The present experimental study examined the impact of celebrity gossip magazine coverage on pregnant women through the lens of objectification theory (Fredrickson & Roberts, 1997). In total, 301 pregnant women were randomly assigned to view highly sexually objectifying full-body images and accompanying text depicting pregnant celebrities, low objectifying headshot-only images and accompanying text depicting celebrities, or images of baby products with no people depicted (control).

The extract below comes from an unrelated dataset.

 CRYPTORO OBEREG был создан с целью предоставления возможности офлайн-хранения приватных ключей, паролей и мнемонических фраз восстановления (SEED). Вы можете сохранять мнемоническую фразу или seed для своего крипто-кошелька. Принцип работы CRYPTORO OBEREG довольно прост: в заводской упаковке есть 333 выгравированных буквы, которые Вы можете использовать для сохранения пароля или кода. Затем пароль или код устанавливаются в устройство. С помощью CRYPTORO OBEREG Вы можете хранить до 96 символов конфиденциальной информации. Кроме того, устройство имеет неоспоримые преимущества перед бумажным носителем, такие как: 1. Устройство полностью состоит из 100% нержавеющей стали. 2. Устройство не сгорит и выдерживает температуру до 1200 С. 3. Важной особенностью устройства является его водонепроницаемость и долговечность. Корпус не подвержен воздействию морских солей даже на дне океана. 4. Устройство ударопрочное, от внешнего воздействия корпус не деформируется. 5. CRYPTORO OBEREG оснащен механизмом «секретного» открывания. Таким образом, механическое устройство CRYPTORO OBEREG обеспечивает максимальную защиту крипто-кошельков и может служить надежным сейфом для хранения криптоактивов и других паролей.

Exposure to the headshot-only condition resulted in significantly more self-objectification than exposure to control images. We speculate exposure to the headshot-only images primed self-objectification in participants because they visualized nonpregnant, thin, toned, and sculpted celebrity bodies that are frequently objectified by the media. Further analyses revealed that participants' stage in pregnancy, history with pregnancy, and age moderated the main effects. Among those in their first trimester, assignment to the headshot-only condition significantly predicted state self-objectification; however, among those in their third trimester, the full-body condition predicted state self-objectification at a level of marginal significance. Further, exposure to the headshot-only stimuli predicted self-objectification for those having no prior live births. Among those participants in the younger age group, exposure to the headshot-only condition significantly predicted self-objectification; however, among those in the middle age group, the full-body condition significantly predicted self-objectification.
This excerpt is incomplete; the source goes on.